He spoke repeatedly about the discomfort of being a “guilty unicorn” as a Black artist in the mostly white avant-garde. (Zane, who died in 1988, was white.) Jones told a story of being on a 1980s panel about the future of Black dance, surrounded by a pantheon of older Black dance artists, and declaring that he was an artist first and a Black man second. The pioneering Black choreographer Pearl Primus ran down the aisle and cursed him, Jones said.
But Zollar, 74, recalled being a “border crosser,” moving between the white avant-garde and a Black one, located in Harlem institutions like the dance studio of Dianne McIntyre. “I saw connectivity, but I also saw a lack of equity,” she said.

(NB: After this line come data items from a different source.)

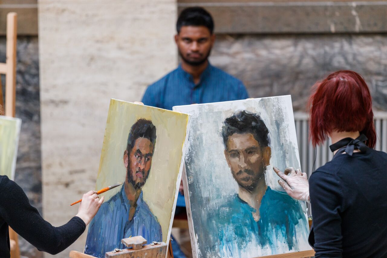 Вчора в рамках ІІ Всеукраїнського конкурсу з живопису “Срібний мольберт” молоді художники змагалися у кращому виконанні портрету. Писали всі разом в атріумі будівлі ОДА і обласної ради з натури. За роботою молодих митців мали змогу спостерігати всі охочі: як звичайні відвідувачі державної установи, так і митці. Як це відбувалося, можна бачити на світлинах, наданих оргкомітетом конкурсу.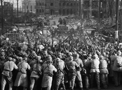 所以在《南京!南京!》里,從主角到那一張張沉默的中國(guó)人的臉,我特別想讓觀眾能夠去凝視他們一次。從攝影、美術(shù)、化妝到服裝等部門,在對(duì)待群眾演員的造型再現(xiàn)上,給予了他們和主演一樣的對(duì)待,他們的服裝其實(shí)和主演一樣考究,有100套衣服從做工造價(jià)等方面和主演是一樣的。每次在現(xiàn)場(chǎng),我們都要按照歷史照片在一千多的群眾演員里仔細(xì)去挑臉,挑我們認(rèn)可的中國(guó)人的臉,每次都經(jīng)持續(xù)兩三個(gè)小時(shí)。我們很幸運(yùn),因?yàn)樵跂|北拍的時(shí)候,武警派出了大批部隊(duì)支援拍攝,那些小伙子都來(lái)自農(nóng)村,他們的臉很多還保持著中國(guó)人的質(zhì)樸、堅(jiān)毅還有那種無(wú)奈,信息非常的豐富,非常的好看。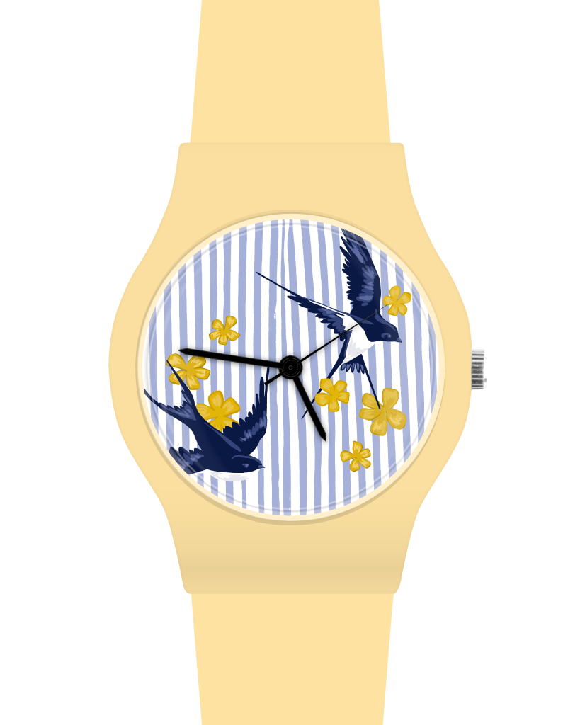 Esfera esmaltada con estampado de pájaros y flores. Correa de silicona HQ acabado premium, hebilla simple, caja y trabilla color amarillo claro. Corona simple metálica. Compuesto de tres agujas metálicas, color negro. Movimiento japonés.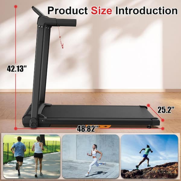 2.5 HP Black Metal Foldable Electric Treadmill with Safety Key, LED Display, Pad/Phone Holder and Inclines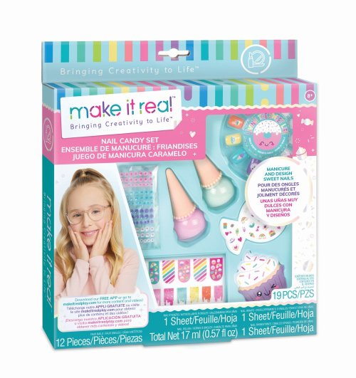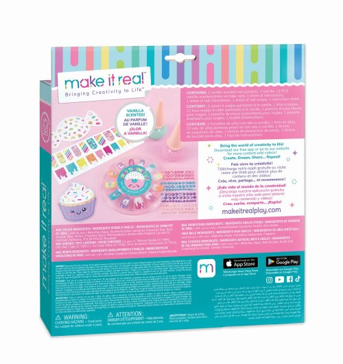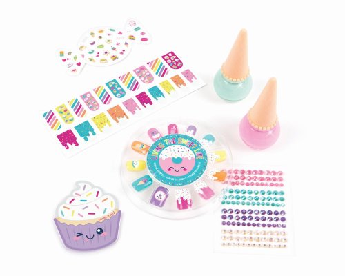 Set obsahuje 2 laky na nechty v tvare zmrzliny, samolepky a rôzne zdobenie na nechty, umelé nechty. Vhodné od 8 rokov. Laky na nechty sú na vodnej báze a dajú sa odstrániť jemným trením teplou vodou a mydlom.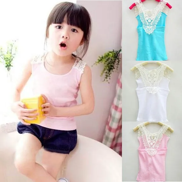 1PC Kids Girls Crochet Hollow Out Floral Tank Tee Shirts Vest Candy Color 0-3Y
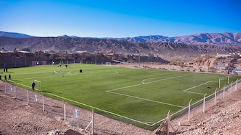 Causa impacto el contraste del verde pasto artificial con el paisaje de la Quebrada de Humahuaca, punto neurálgico de la provincia de Jujuy. Esta es la cancha de sintético de mayor altura del país.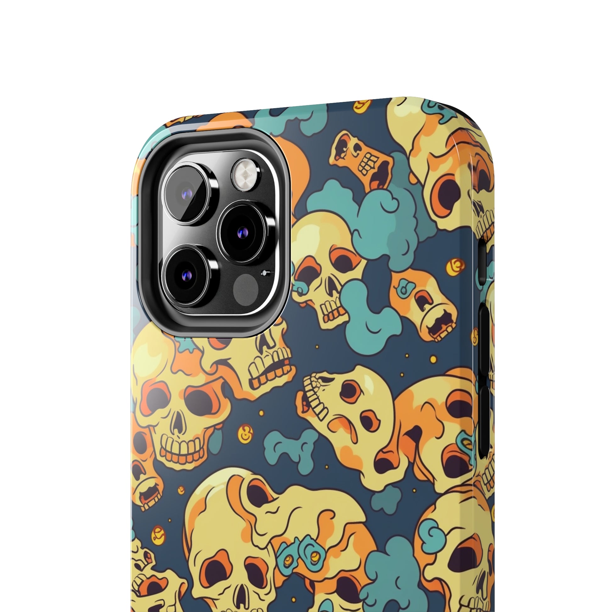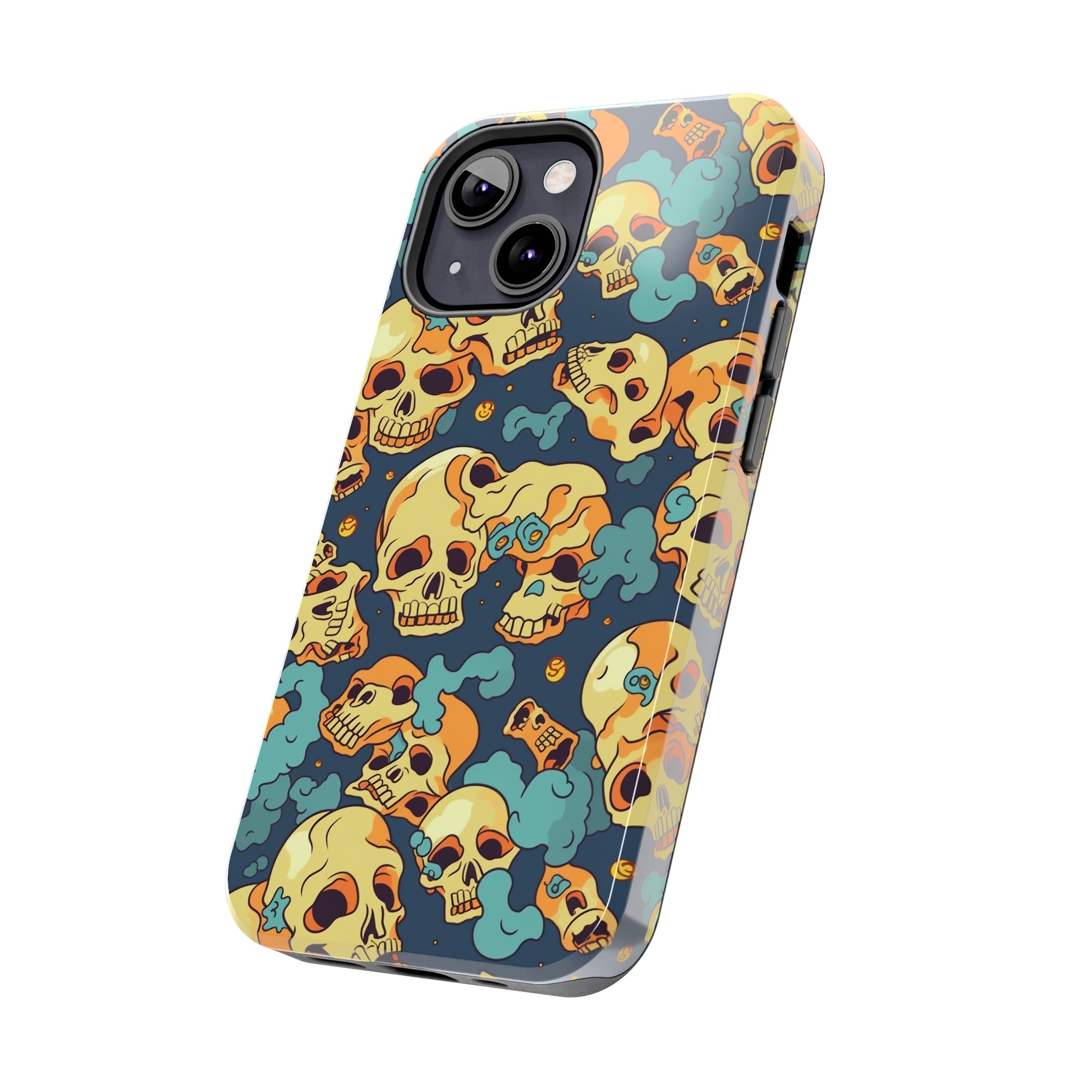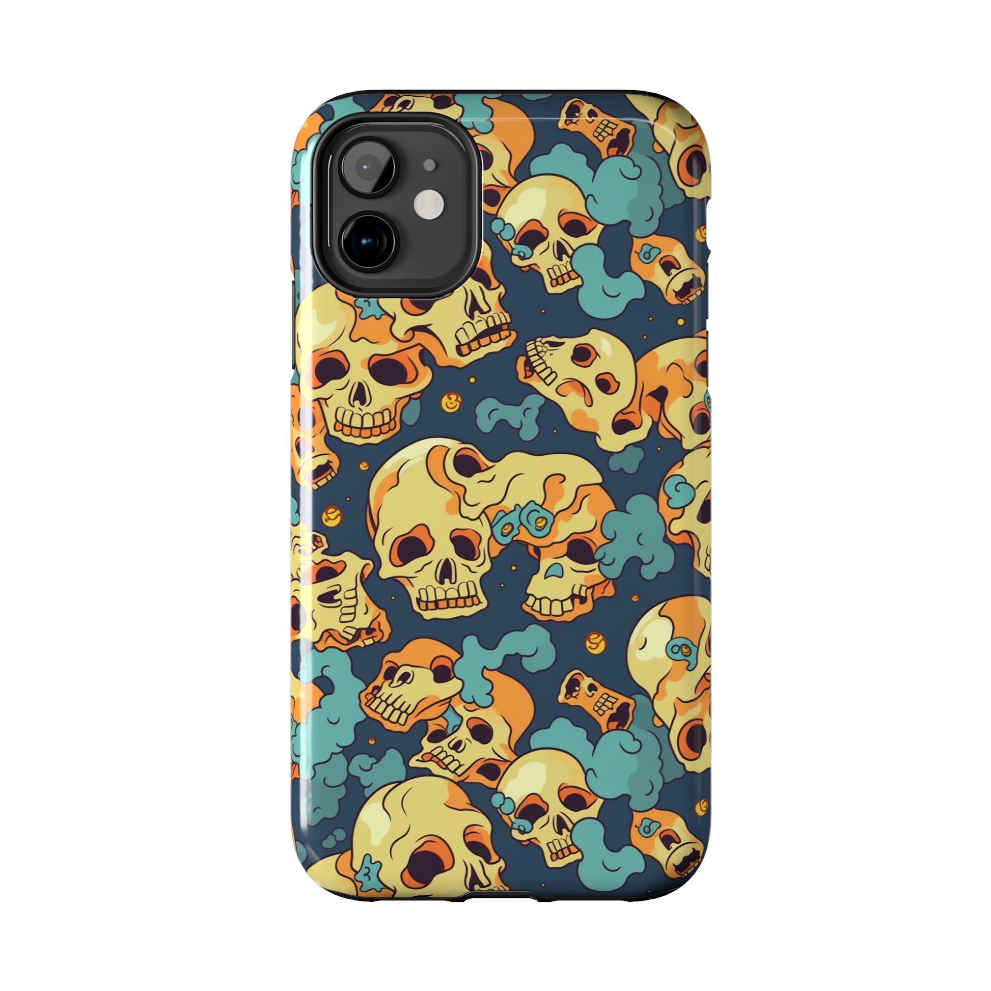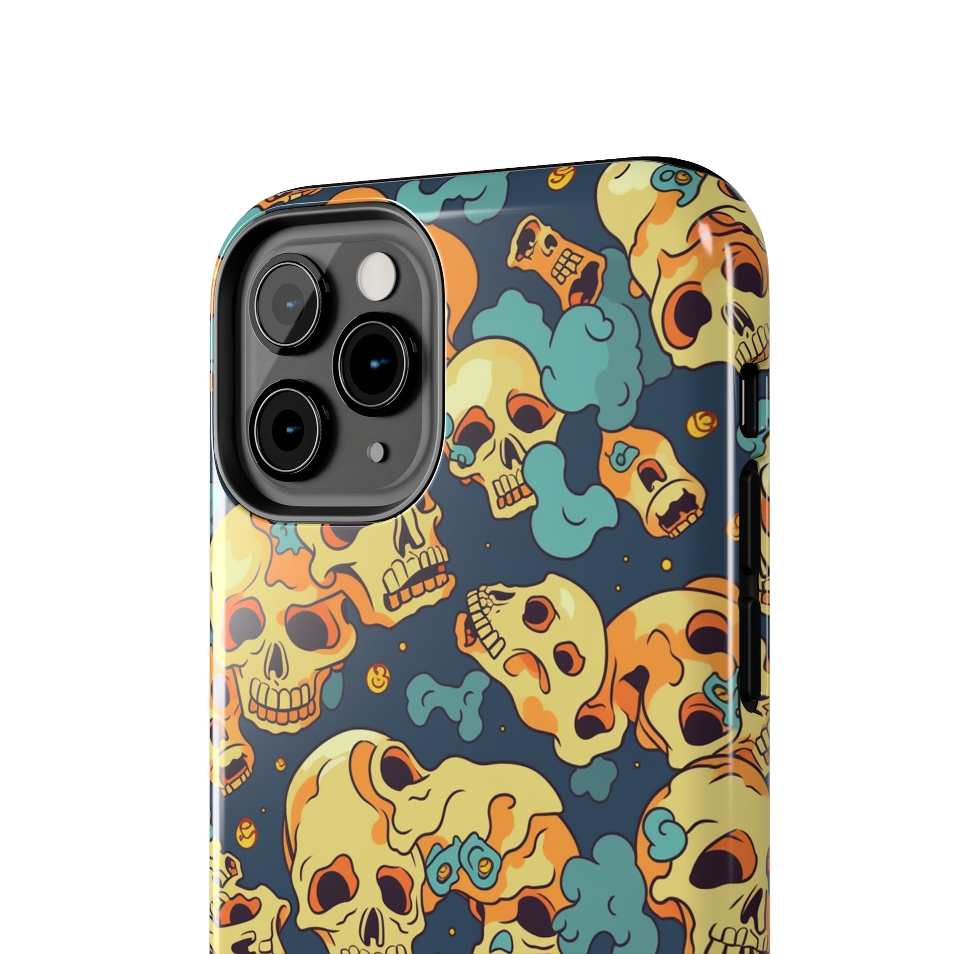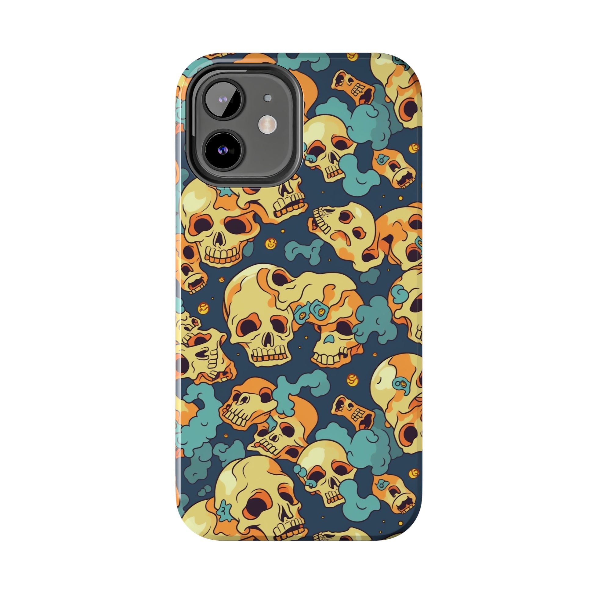 The Bone Chill - Deathly Protection - Tough Phone Cases by Case-Mate, the ultimate accessory to safeguard your phone from life's bumps and knocks. Featuring a unique design of yellowish cream-colored melting skulls on an icy blue background, this phone case offers a sleek and stylish look while providing maximum protection for your device.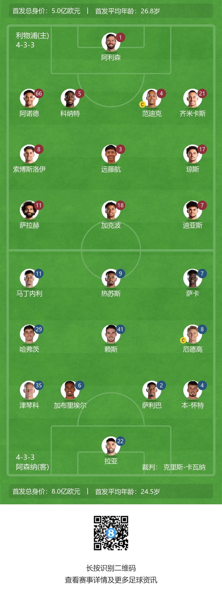 利物浦vs阿森纳首发:琼斯、加克波先发,萨卡、哈弗茨出战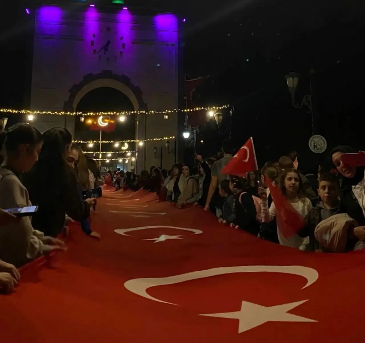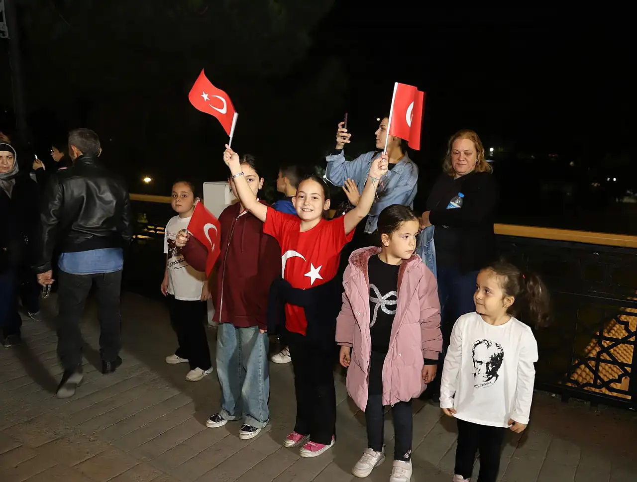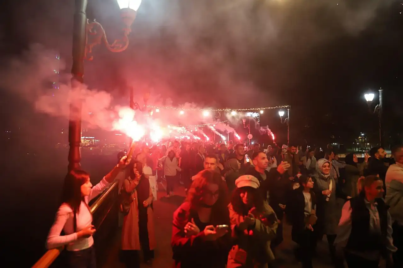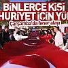 Yüzlerce vatandaş Türk bayraklarıyla ve fenerlerle Belediye Meydanı’na kadar marşlar eşliğinde yürüyüş gerçekleştirdi. Fener Alayı, tüm katılımcıların bando ekibine tebriklerinin ardından tamamlandı.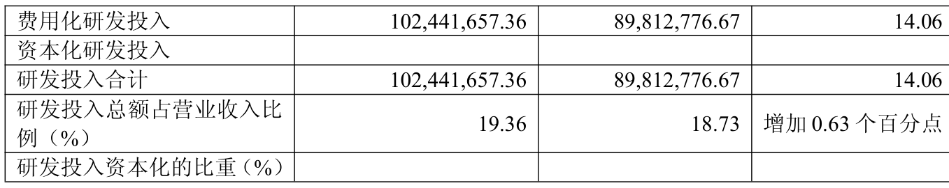 2025年全年,公司研发投入金额为1.02亿元,同比增长14.06%;研发投入占营业收入比例为19.36%,相比上年同期上升0.63个百分点。

Brown, 57, quiet among the outspoken others, talked the least, but he summed up the feeling of everyone about Harlem Stage. “Harlem Stage provided that safe place where you could just come in and create, without judgment or questions about who you are,” he said.
Here are some edited excerpts from the conversation:
BILL T. JONES Why was the avant-garde “downtown,” so that Harlem Stage had to get us “uptown”?
PATRICIA CRUZ There was a climate in which the avant-garde developed downtown, just as Harlem had been the place for the Harlem Renaissance. I also think there was an unstated conservative element in the Black community.
JAWOLE WILLA JO ZOLLAR There was a very strong Black avant-garde — in the music, in the visual arts, in poets like Ntozake [Shange] and in dance at Dianne McIntyre’s space. But there was segregation, and some rigid ideologies that kept the segregation in place.
JONES I didn’t know about the Black avant-garde. When Arnie and I came to New York, we were looking for the cool kids. There was a loneliness being a Black face in the white avant-garde. But I thought that the Black Arts Movement people made the choice of wanting to make art with people who looked like them.